| Assigned task |
Excluding pictures, what does the listing below contain from the line with "Финансовые уловки и" up to and including the line with "Haas Brushes Military", word for word?

| Entries provided |

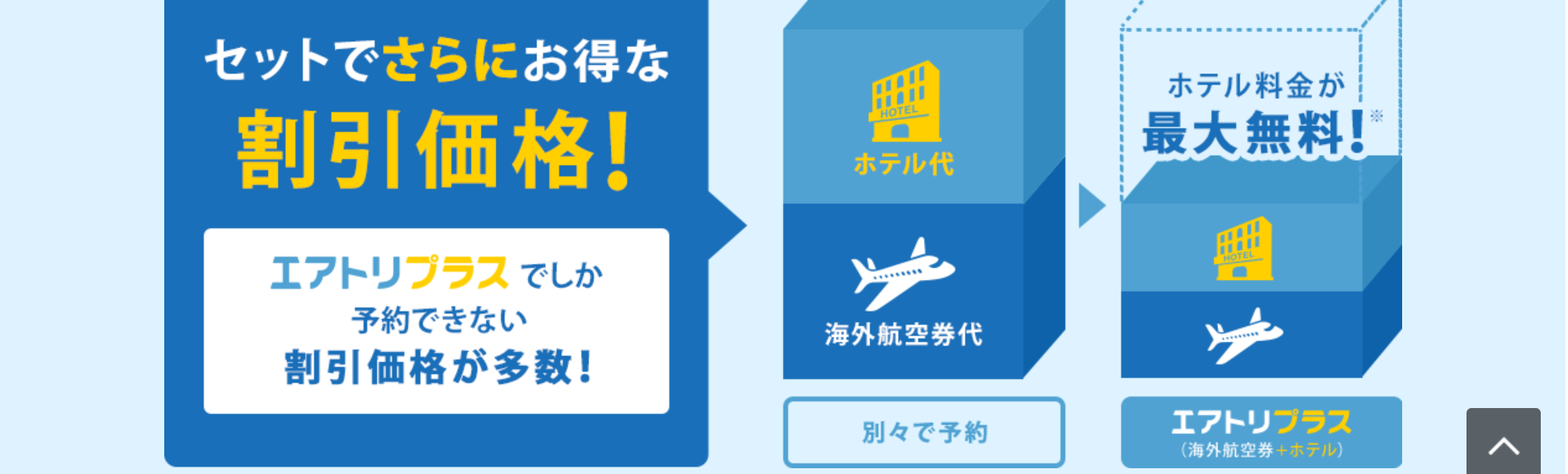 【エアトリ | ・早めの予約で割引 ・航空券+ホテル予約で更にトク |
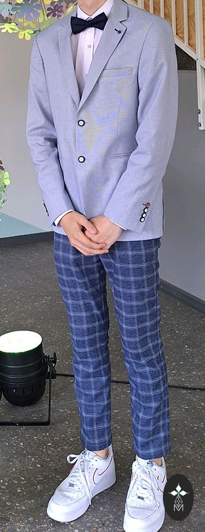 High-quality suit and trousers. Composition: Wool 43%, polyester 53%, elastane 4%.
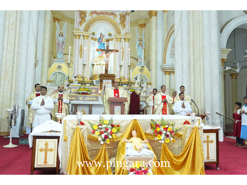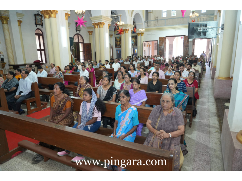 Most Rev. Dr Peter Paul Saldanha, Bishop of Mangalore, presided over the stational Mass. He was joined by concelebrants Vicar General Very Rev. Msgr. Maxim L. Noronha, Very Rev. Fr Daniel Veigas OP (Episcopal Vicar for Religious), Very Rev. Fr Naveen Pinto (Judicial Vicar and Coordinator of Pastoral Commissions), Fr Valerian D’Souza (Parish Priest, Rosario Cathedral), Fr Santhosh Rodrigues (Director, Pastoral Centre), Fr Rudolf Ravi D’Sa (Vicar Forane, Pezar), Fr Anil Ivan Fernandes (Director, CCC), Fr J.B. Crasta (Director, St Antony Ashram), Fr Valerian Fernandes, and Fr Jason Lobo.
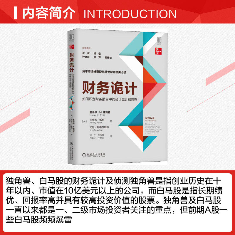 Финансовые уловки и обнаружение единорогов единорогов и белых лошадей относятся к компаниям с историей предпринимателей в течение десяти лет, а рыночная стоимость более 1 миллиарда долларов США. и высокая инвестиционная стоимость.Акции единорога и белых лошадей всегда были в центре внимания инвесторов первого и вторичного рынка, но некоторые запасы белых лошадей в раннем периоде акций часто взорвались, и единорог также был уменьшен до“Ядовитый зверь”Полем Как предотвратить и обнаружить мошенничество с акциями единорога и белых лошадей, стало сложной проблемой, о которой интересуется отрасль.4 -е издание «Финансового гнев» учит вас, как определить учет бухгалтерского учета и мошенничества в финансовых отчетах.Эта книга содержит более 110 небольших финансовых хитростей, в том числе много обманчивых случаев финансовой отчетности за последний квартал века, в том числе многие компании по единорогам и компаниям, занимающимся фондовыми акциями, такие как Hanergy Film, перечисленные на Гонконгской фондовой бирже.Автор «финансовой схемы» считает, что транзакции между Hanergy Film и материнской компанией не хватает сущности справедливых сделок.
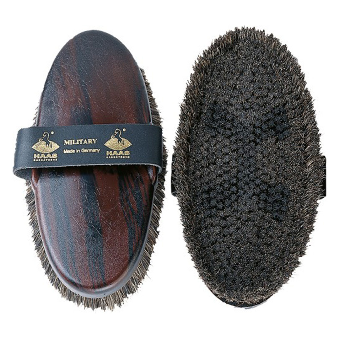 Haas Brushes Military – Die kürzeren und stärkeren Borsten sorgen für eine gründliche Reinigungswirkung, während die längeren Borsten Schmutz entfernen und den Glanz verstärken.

* * *

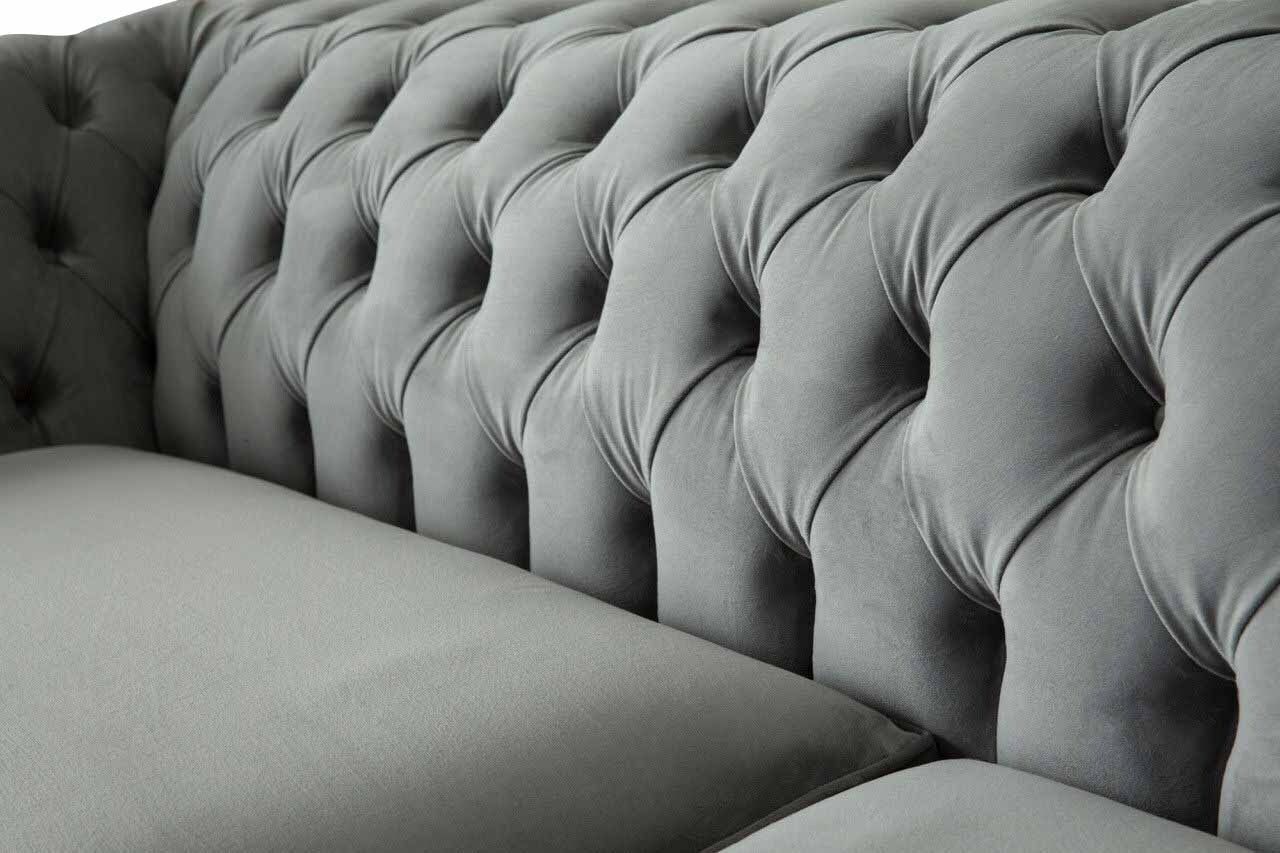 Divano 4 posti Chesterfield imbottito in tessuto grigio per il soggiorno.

| Solution for this exercise |
 Финансовые уловки и обнаружение единорогов единорогов и белых лошадей относятся к компаниям с историей предпринимателей в течение десяти лет, а рыночная стоимость более 1 миллиарда долларов США. и высокая инвестиционная стоимость.Акции единорога и белых лошадей всегда были в центре внимания инвесторов первого и вторичного рынка, но некоторые запасы белых лошадей в раннем периоде акций часто взорвались, и единорог также был уменьшен до“Ядовитый зверь”Полем Как предотвратить и обнаружить мошенничество с акциями единорога и белых лошадей, стало сложной проблемой, о которой интересуется отрасль.4 -е издание «Финансового гнев» учит вас, как определить учет бухгалтерского учета и мошенничества в финансовых отчетах.Эта книга содержит более 110 небольших финансовых хитростей, в том числе много обманчивых случаев финансовой отчетности за последний квартал века, в том числе многие компании по единорогам и компаниям, занимающимся фондовыми акциями, такие как Hanergy Film, перечисленные на Гонконгской фондовой бирже.Автор «финансовой схемы» считает, что транзакции между Hanergy Film и материнской компанией не хватает сущности справедливых сделок.
 Haas Brushes Military – Die kürzeren und stärkeren Borsten sorgen für eine gründliche Reinigungswirkung, während die längeren Borsten Schmutz entfernen und den Glanz verstärken.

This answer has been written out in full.